According to a report in Friday’s New York Times, Qing Hong Wu, a 29-year-old man who has been a lawful permanent resident since entering the United States legally at the age of 5 and who worked his way up from poverty to become a vice president at a national financial company, was recently placed in deportation proceedings on the basis of crimes committed at the age of 15. As a result of these teenage convictions, the immigration authorities have locked him up without any bond hearing to determine whether his detention is justified.

Mr. Wu’s case illustrates the urgent need to reform our immigration laws. Immigration judges should be permitted to look at each case individually — looking at factors such as an individual’s contributions to society and the needs of his or her family — rather than being compelled to deport people based solely on old criminal convictions. Congress should also repeal the mandatory detention law, which requires the government to lock up people like Mr. Wu solely because they have committed crimes in the past.
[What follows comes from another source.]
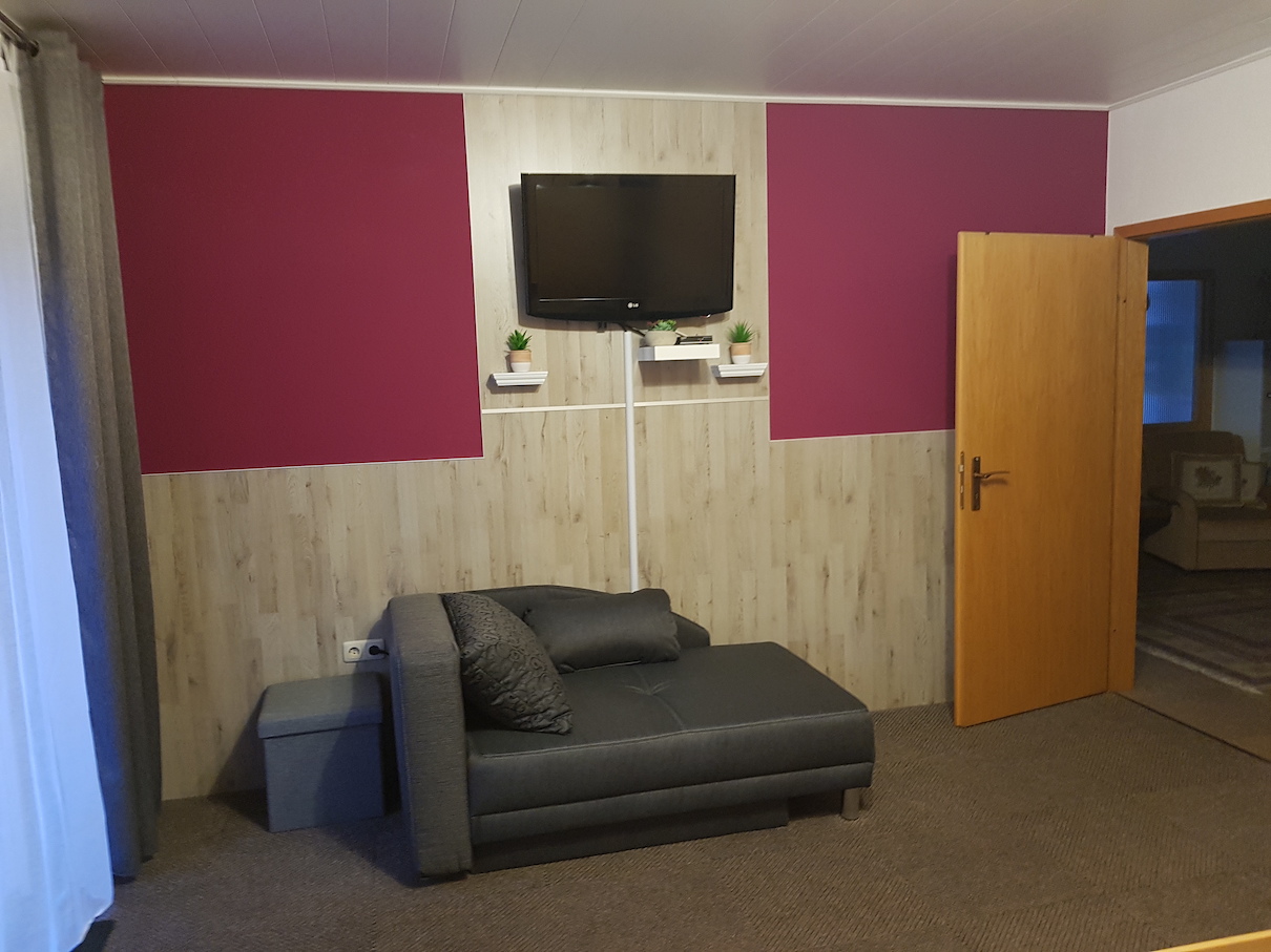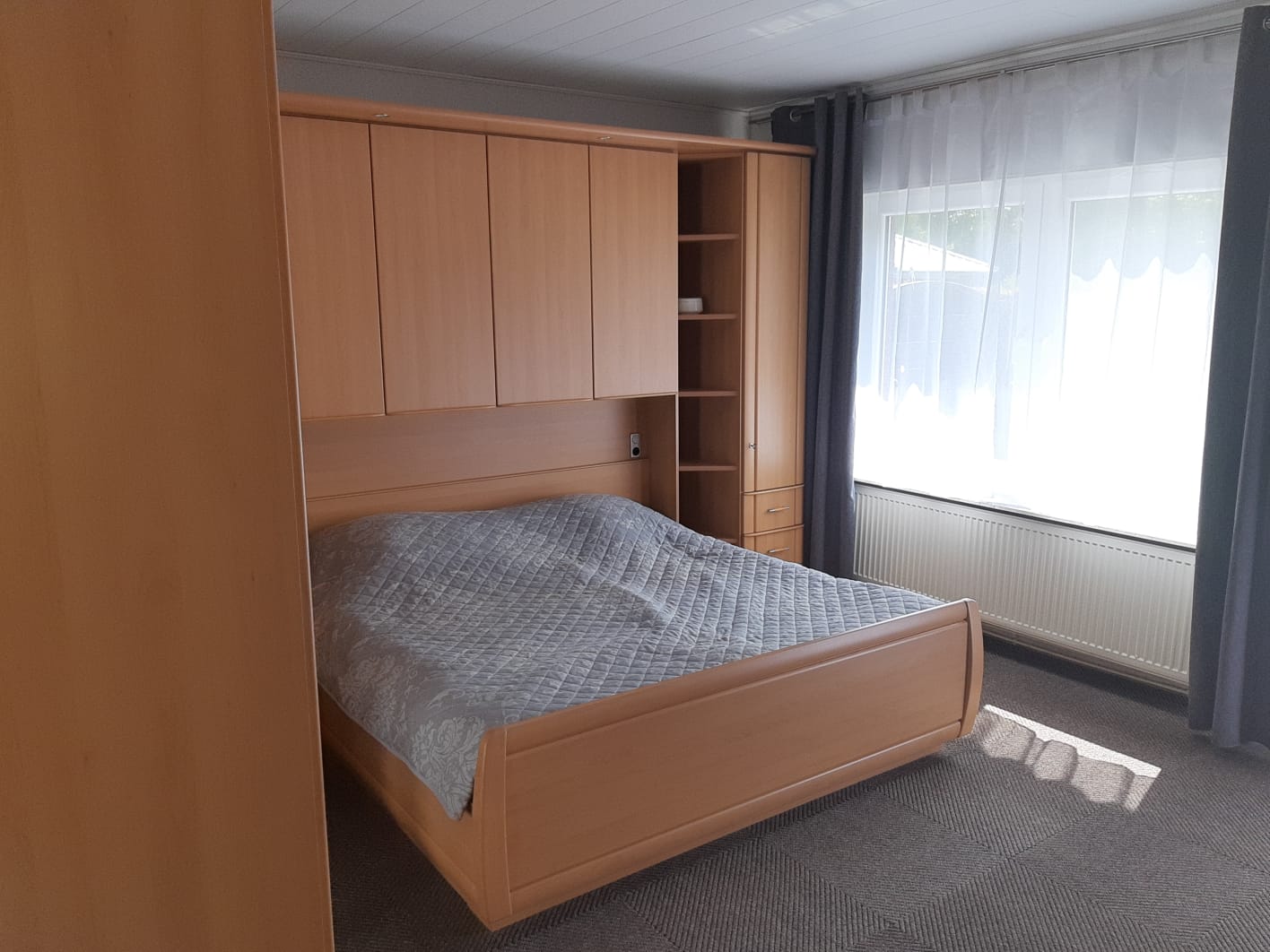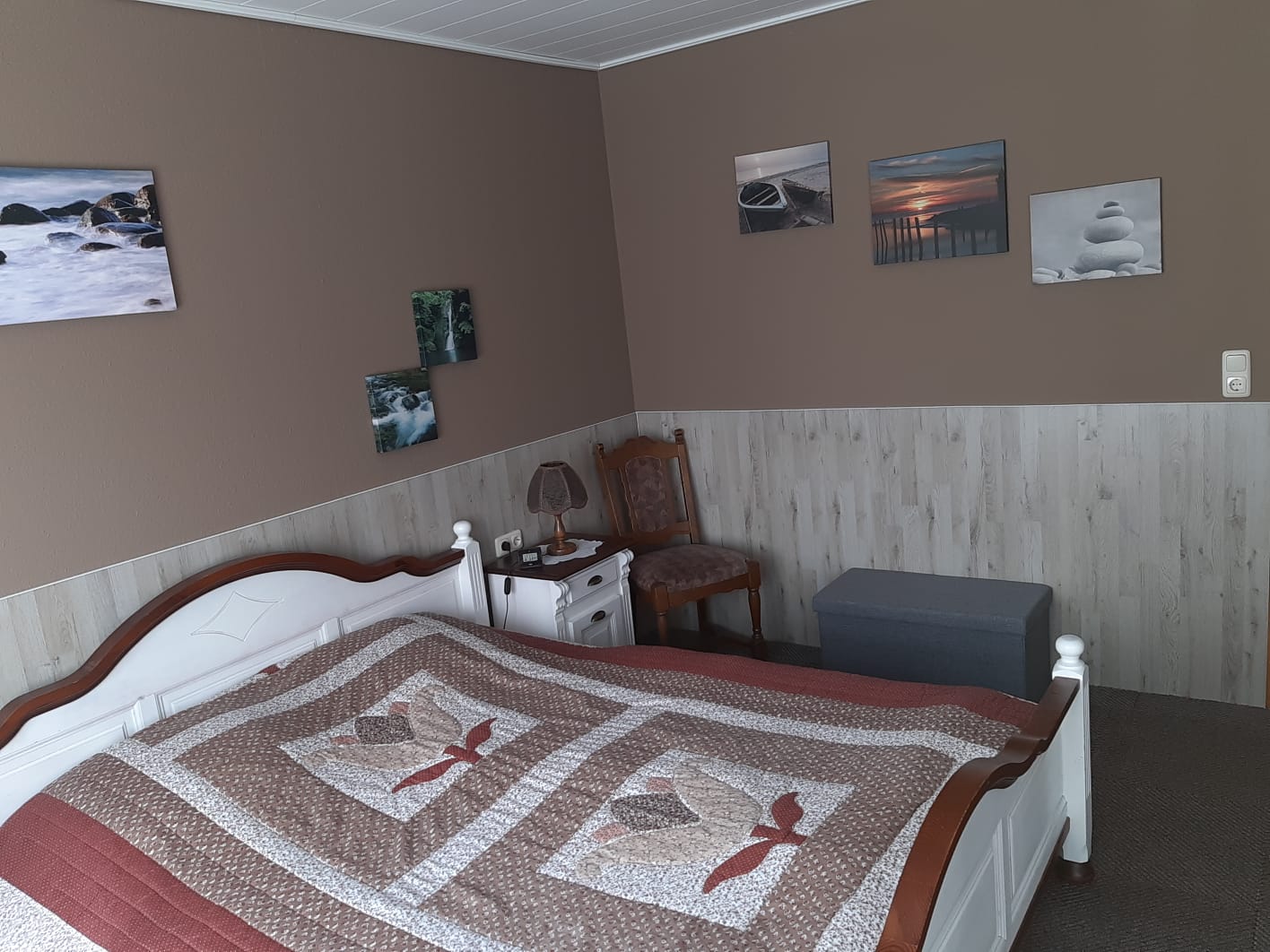 Es stehen zwei Schlafzimmer mit Doppelbetten und Kleiderschränken sowie ein Butzenzimmer mit einem Etagenbett für Kinder zur Verfügung.

This law has been construed as prohibiting even a basic bond hearing to determine whether the individual being locked up presents a flight risk or danger to the community — in other words, as requiring detention even where a court would find that no purpose is being served by putting a particular person in jail.

According to the New York Times, even the judge who sentenced Mr. Wu for his conviction recognizes that he has turned his life around. “Here was a young man who did everything we expected of him,” the judge said. “It really cries out for some kind of justice.”